Après tout Victor Frankenstein n’était qu’un homme ! Pauvre exclamation qui risque de laisser sur leur faim les amateurs de films d’horreur et ceux qui confondent le créateur d’un monstre avec sa créature.

Mary SHELLEY a écrit FRANKENSTEIN il y a deux siècles, presque au coin du feu, raconte-t-elle, pour combler l’ennui de quelques soirées d’hiver entre amis lors d’un séjour en Suisse. C’est alors qu’elle eut l’idée lumineuse de coupler ses informations scientifiques avec ses propres lectures d’histoires allemandes de fantômes.

Les adaptations cinématographiques du roman, ont mis l’accent sur l’aspect fantastique du scénario. Que se passerait-il si l’homme à l’instar du créateur était capable de créer une créature dérivée de lui-même ? Mary SHELLEY imagine que la créature qui ne peut être qu’un monstre se révolte contre son créateur qui le renie parce qu’il considère avoir complétement raté son objectif celui de créer un humain immortel, fort et lumineux, libéré de toutes les vicissitudes humaines marquées par la souffrance, la peur etc.

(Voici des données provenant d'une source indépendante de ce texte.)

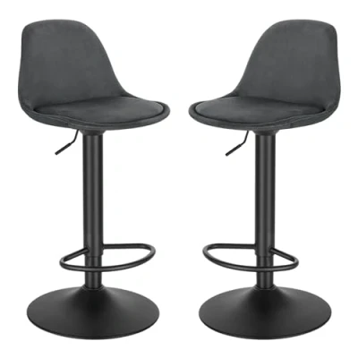 EUGAD Swivel Bar Stools Set of 2 Height Adjustable Stools, Breakfast Chairs Kitchen Velvet Barstools with Footrest, Backrest, Metal Base, High Dark Grey, 1051BY UK

 Ainsi sans le savoir Mary SHELLEY soulève un lièvre, celui de l’eugénisme (prôné par les nazis) qui fait débat et questionne les manipulations génétiques actuelles et à venir des savants sur les embryons d’animaux et humains.

 Il est probable que les savants d’aujourd’hui n’ont rien à voir avec la folie anxieuse du savant Frankenstein particulièrement captivante dans le roman de Mary SHELLEY. L’ombre de cette folie plane tout le long du récit parce que l’auteure entend permettre à « l’imagination de cerner les passions humaines de manière plus complète et plus riche qu’un enchaînement de faits réels ».

Bizarrement, l’adaptation théâtrale du roman par Laurent GUTMANN va délibérément à contrepied de cette visée, espérant sortir du brouhaha confus de la conscience du savant une figure du monstre plus objective, plus adaptée au contexte de notre époque d’esprit hélas, mais ce n’est qu’un point de vue,  plus matérialiste,  en tout cas, très éloignée du romantisme gothique de Mary SHELLEY, épouse du célèbre poète Percy SHELLEY ami du scandaleux et ténébreux Byron.

Visuellement, la créature du monstre est très réussie, elle peut frapper l’imagination par son caractère avenant à la façon d’un masque de théâtre, de grosse tête de carnaval à qui il ne manque qu’un fouet.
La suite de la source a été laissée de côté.